A Chinese cyberespionage group called APT10 relentlessly attacks U.S. engineering, telecom and aerospace industries. Russian hackers last year compromised dozens of U.S. energy companies. Iranian hackers known as “Rocket Kitten” repeatedly target American defense companies in hopes of stealing information to boost Tehran’s missile and space programs.
While Moscow’s efforts to meddle in the 2016 U.S. presidential election are widely known, spy services from China, Russia and Iran, along with their proxy hackers, also are hard at work trying to steal trade secrets and proprietary information from the United States, according to a government report released Thursday. A classified version of the report was sent to Congress.
“Foreign economic and industrial espionage against the United States continues to represent a significant threat to America’s prosperity, security and competitive advantage,” the National Counterintelligence and Security Center said. “China, Russia and Iran stand out as three of the most capable and active cyber actors tied to economic espionage and the potential theft of U.S. trade secrets and proprietary information.”
Cyberespionage is a relatively low-cost, high-yield way to access and acquire information from U.S. research institutions, universities and corporations, the report said.
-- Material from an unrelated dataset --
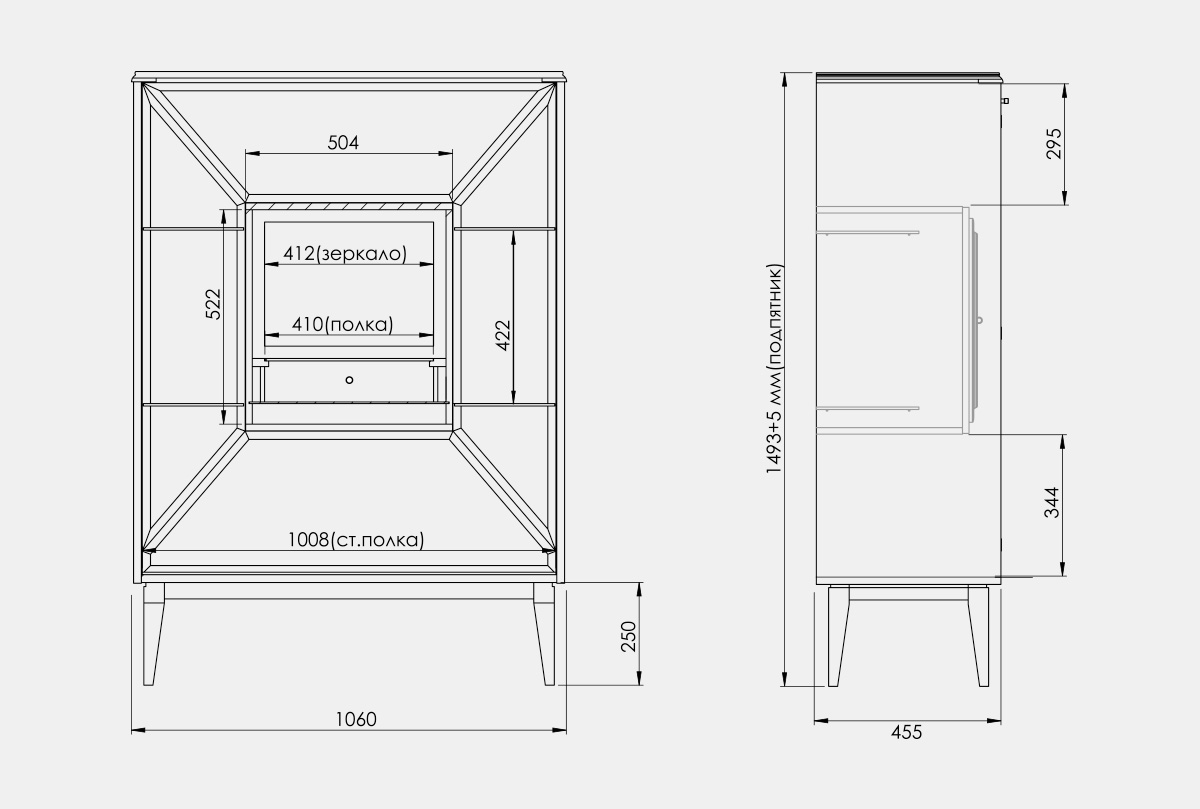 ✅ Размеры тумбы: ширина — 1060 мм, высота — 1500 мм, глубина — 455 мм.

More vulnerabilities will emerge with the increase in cloud computing, artificial intelligence and the proliferation of vehicles, home appliances, medical devices and other items connected to the internet.
Cyberoperations are the preferred method for conducting economic espionage, the report said, but U.S. adversaries also acquire sensitive information by hiring sophisticated hackers, recruiting spies or gleaning material from foreign students studying at American universities.
Adversaries also are infiltrating computer networks of suppliers that serve large companies and then using that connection to worm their way up the chain into large corporate computer systems. Bill Evanina, the nation’s top counterintelligence official and director of the center, told reporters at a briefing that business leaders need to investigate the security of computer systems used by companies that supply their air conditioning and heating, printers and copiers and the like.
“Our economic security is our national security,” Evanina said. “We cannot just get numb to our adversaries stealing our intellectual property.”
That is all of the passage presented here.